Stored data:
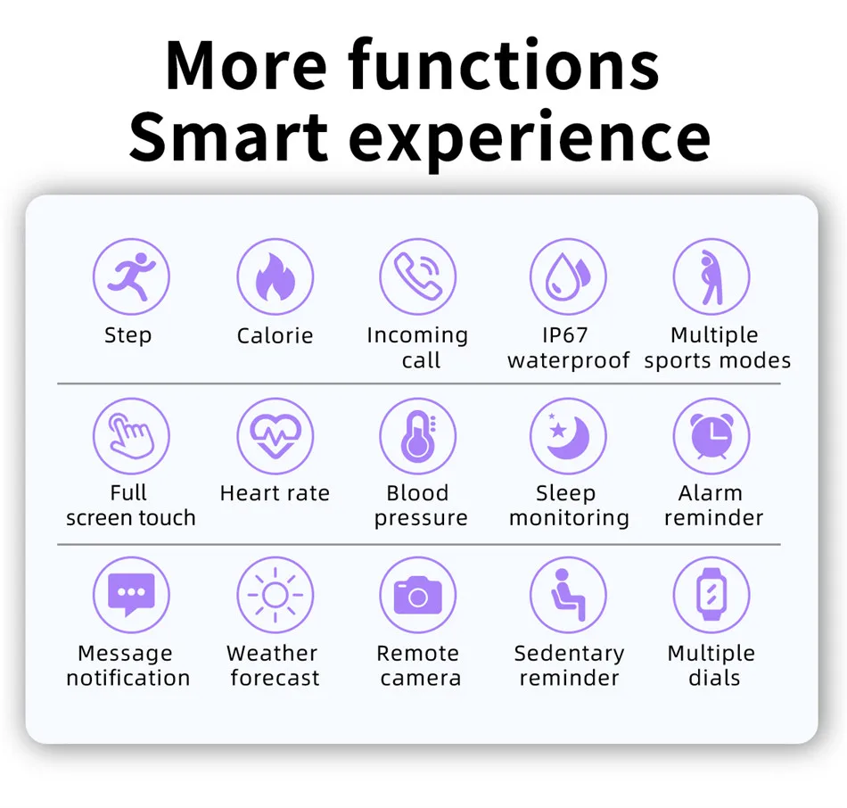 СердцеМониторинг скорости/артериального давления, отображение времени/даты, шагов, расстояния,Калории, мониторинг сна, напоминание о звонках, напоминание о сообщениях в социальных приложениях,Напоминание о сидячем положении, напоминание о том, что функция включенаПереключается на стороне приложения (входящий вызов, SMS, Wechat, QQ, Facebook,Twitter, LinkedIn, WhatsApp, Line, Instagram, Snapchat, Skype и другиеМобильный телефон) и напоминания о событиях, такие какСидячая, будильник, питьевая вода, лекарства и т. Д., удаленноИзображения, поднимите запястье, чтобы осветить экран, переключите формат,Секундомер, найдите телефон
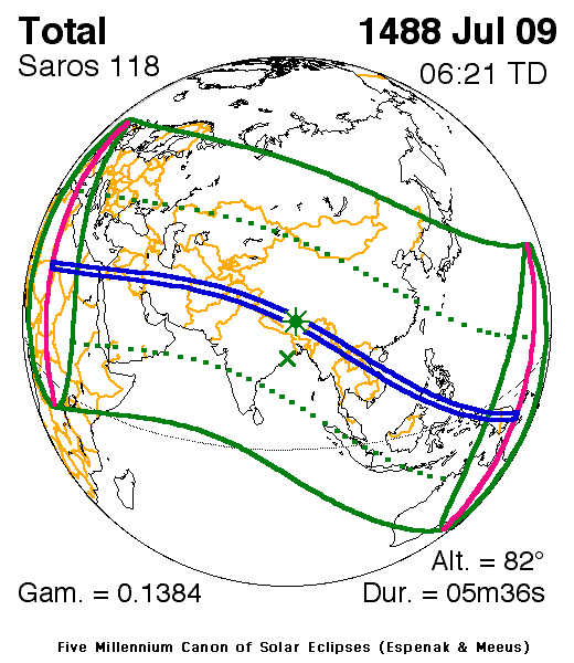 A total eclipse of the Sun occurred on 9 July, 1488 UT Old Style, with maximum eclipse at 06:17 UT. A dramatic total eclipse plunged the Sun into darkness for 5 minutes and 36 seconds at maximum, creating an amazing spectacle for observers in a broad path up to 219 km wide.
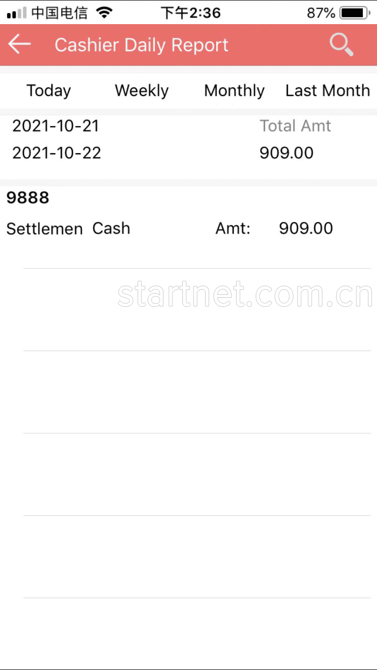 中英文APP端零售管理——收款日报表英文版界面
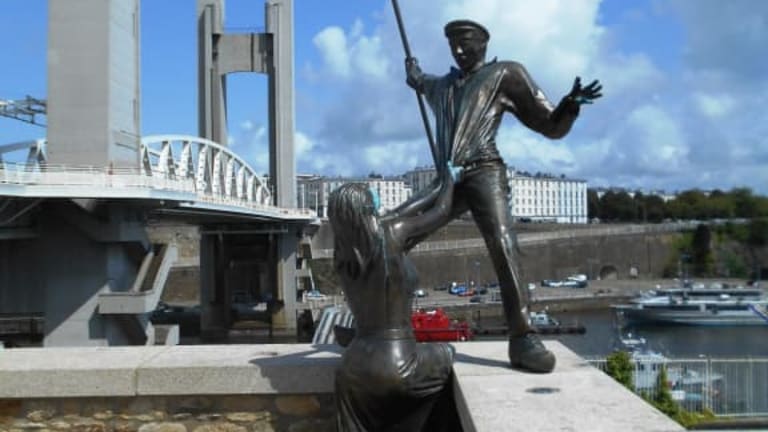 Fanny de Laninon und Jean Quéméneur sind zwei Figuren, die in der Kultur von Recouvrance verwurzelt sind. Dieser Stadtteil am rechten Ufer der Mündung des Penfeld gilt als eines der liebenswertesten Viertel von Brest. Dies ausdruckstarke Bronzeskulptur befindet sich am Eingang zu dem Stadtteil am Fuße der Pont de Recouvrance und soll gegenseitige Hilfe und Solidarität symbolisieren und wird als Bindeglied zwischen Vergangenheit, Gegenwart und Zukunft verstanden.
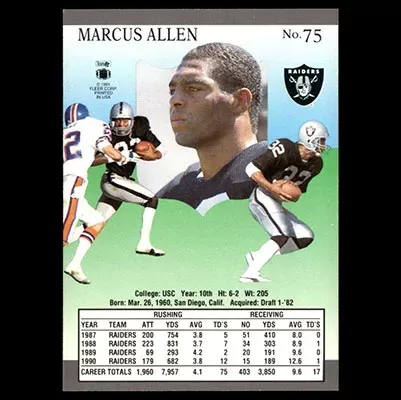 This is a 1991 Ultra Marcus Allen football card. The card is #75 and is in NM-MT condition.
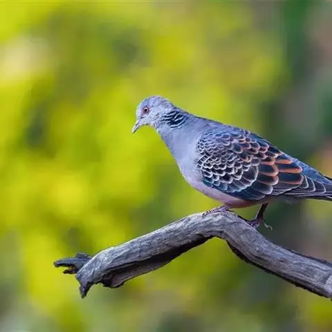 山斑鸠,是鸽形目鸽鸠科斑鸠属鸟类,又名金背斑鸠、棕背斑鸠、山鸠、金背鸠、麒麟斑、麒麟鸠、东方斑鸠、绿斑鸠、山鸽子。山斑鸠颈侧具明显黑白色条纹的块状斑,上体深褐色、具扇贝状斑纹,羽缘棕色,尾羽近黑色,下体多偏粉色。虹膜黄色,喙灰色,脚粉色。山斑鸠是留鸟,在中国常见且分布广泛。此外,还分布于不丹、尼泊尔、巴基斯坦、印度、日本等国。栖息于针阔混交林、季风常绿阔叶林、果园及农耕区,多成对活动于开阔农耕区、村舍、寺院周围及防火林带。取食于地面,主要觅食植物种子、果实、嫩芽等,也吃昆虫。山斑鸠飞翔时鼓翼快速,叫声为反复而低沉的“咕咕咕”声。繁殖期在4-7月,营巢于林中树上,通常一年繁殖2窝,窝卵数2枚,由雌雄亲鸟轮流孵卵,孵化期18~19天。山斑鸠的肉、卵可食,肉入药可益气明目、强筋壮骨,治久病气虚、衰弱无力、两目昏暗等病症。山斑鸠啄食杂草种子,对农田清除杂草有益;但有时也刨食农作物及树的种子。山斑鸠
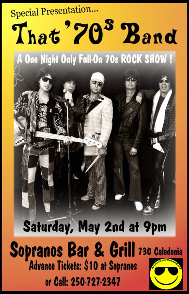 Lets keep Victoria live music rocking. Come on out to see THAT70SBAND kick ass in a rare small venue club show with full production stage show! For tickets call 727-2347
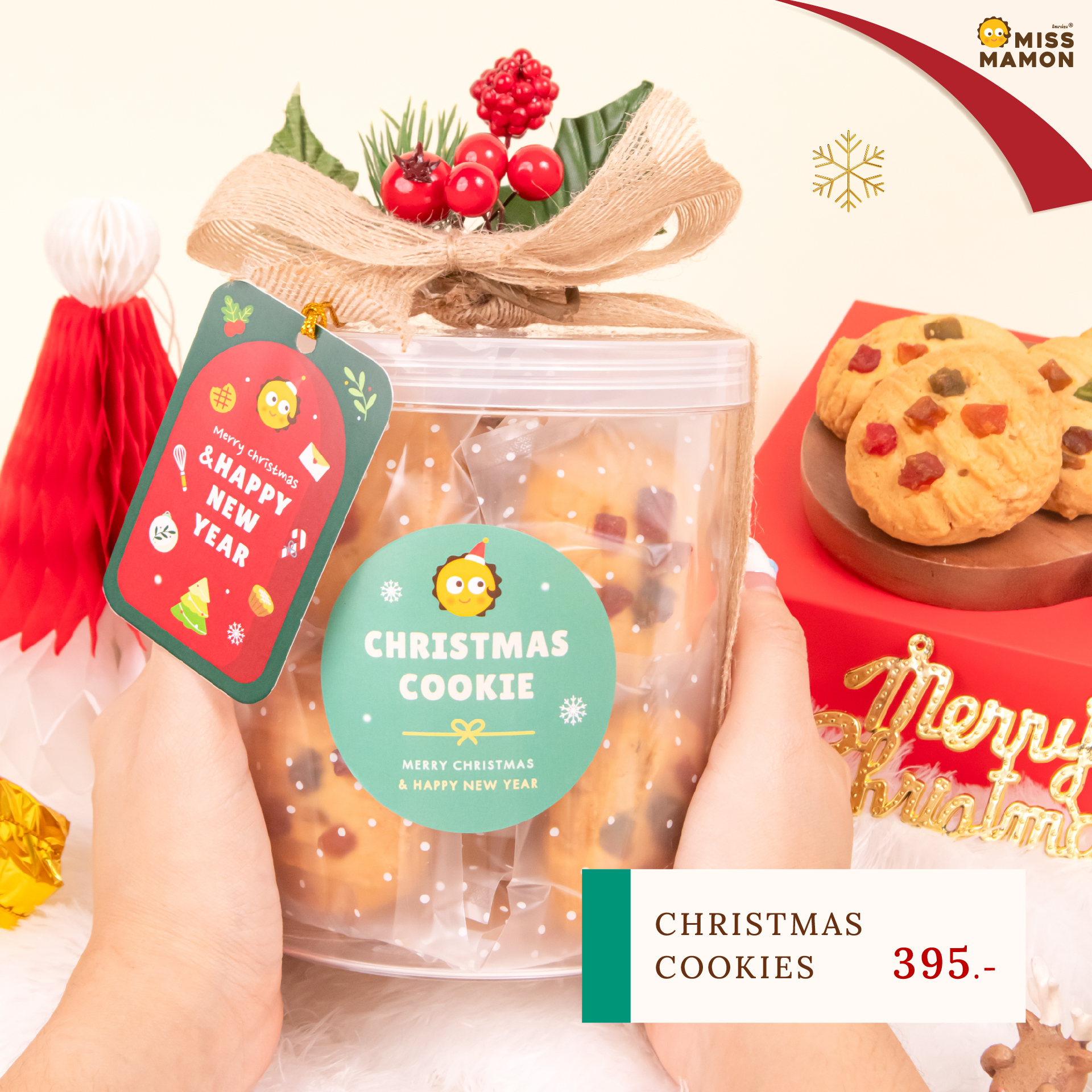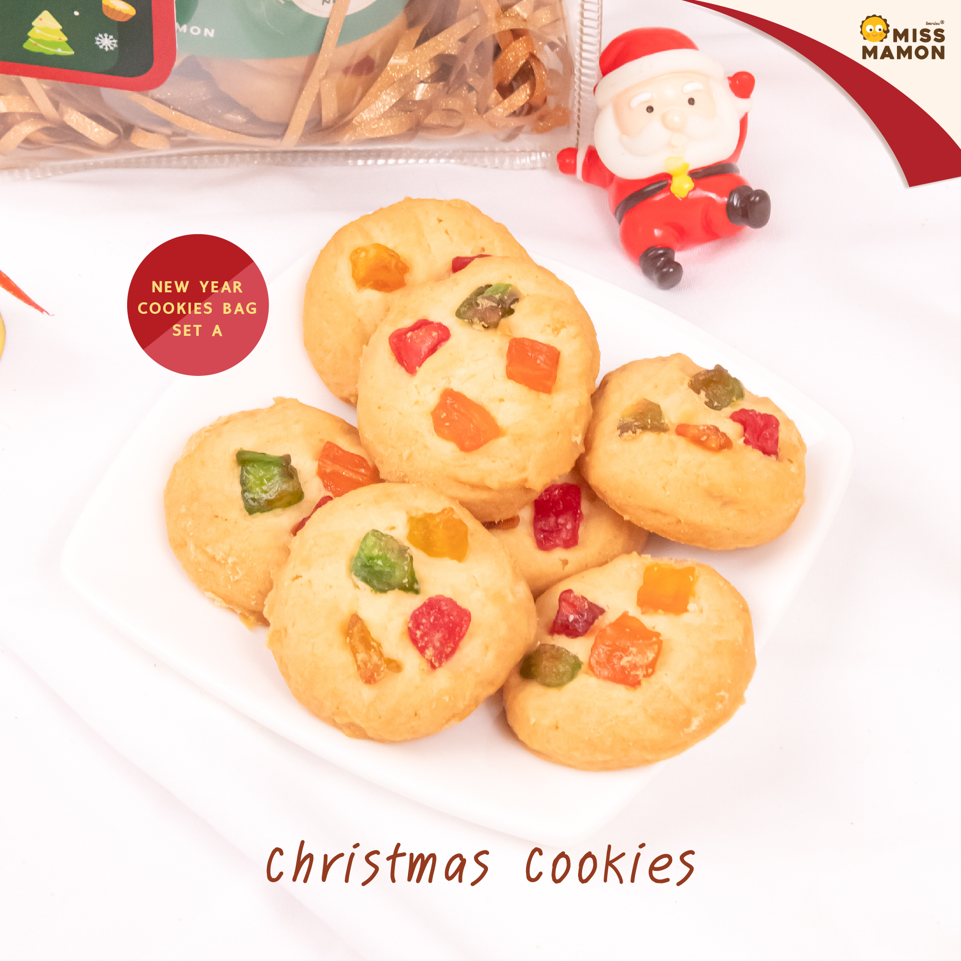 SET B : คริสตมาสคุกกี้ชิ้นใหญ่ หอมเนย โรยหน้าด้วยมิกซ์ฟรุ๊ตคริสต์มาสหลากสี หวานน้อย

What you are asked to do:
Take the entries shown above and quote them verbatim, passing over the pictures.

Solved exercise:
 СердцеМониторинг скорости/артериального давления, отображение времени/даты, шагов, расстояния,Калории, мониторинг сна, напоминание о звонках, напоминание о сообщениях в социальных приложениях,Напоминание о сидячем положении, напоминание о том, что функция включенаПереключается на стороне приложения (входящий вызов, SMS, Wechat, QQ, Facebook,Twitter, LinkedIn, WhatsApp, Line, Instagram, Snapchat, Skype и другиеМобильный телефон) и напоминания о событиях, такие какСидячая, будильник, питьевая вода, лекарства и т. Д., удаленноИзображения, поднимите запястье, чтобы осветить экран, переключите формат,Секундомер, найдите телефон
 A total eclipse of the Sun occurred on 9 July, 1488 UT Old Style, with maximum eclipse at 06:17 UT. A dramatic total eclipse plunged the Sun into darkness for 5 minutes and 36 seconds at maximum, creating an amazing spectacle for observers in a broad path up to 219 km wide.
 中英文APP端零售管理——收款日报表英文版界面
 Fanny de Laninon und Jean Quéméneur sind zwei Figuren, die in der Kultur von Recouvrance verwurzelt sind. Dieser Stadtteil am rechten Ufer der Mündung des Penfeld gilt als eines der liebenswertesten Viertel von Brest. Dies ausdruckstarke Bronzeskulptur befindet sich am Eingang zu dem Stadtteil am Fuße der Pont de Recouvrance und soll gegenseitige Hilfe und Solidarität symbolisieren und wird als Bindeglied zwischen Vergangenheit, Gegenwart und Zukunft verstanden.
 This is a 1991 Ultra Marcus Allen football card. The card is #75 and is in NM-MT condition.
 山斑鸠,是鸽形目鸽鸠科斑鸠属鸟类,又名金背斑鸠、棕背斑鸠、山鸠、金背鸠、麒麟斑、麒麟鸠、东方斑鸠、绿斑鸠、山鸽子。山斑鸠颈侧具明显黑白色条纹的块状斑,上体深褐色、具扇贝状斑纹,羽缘棕色,尾羽近黑色,下体多偏粉色。虹膜黄色,喙灰色,脚粉色。山斑鸠是留鸟,在中国常见且分布广泛。此外,还分布于不丹、尼泊尔、巴基斯坦、印度、日本等国。栖息于针阔混交林、季风常绿阔叶林、果园及农耕区,多成对活动于开阔农耕区、村舍、寺院周围及防火林带。取食于地面,主要觅食植物种子、果实、嫩芽等,也吃昆虫。山斑鸠飞翔时鼓翼快速,叫声为反复而低沉的“咕咕咕”声。繁殖期在4-7月,营巢于林中树上,通常一年繁殖2窝,窝卵数2枚,由雌雄亲鸟轮流孵卵,孵化期18~19天。山斑鸠的肉、卵可食,肉入药可益气明目、强筋壮骨,治久病气虚、衰弱无力、两目昏暗等病症。山斑鸠啄食杂草种子,对农田清除杂草有益;但有时也刨食农作物及树的种子。山斑鸠
 Lets keep Victoria live music rocking. Come on out to see THAT70SBAND kick ass in a rare small venue club show with full production stage show! For tickets call 727-2347
 SET B : คริสตมาสคุกกี้ชิ้นใหญ่ หอมเนย โรยหน้าด้วยมิกซ์ฟรุ๊ตคริสต์มาสหลากสี หวานน้อย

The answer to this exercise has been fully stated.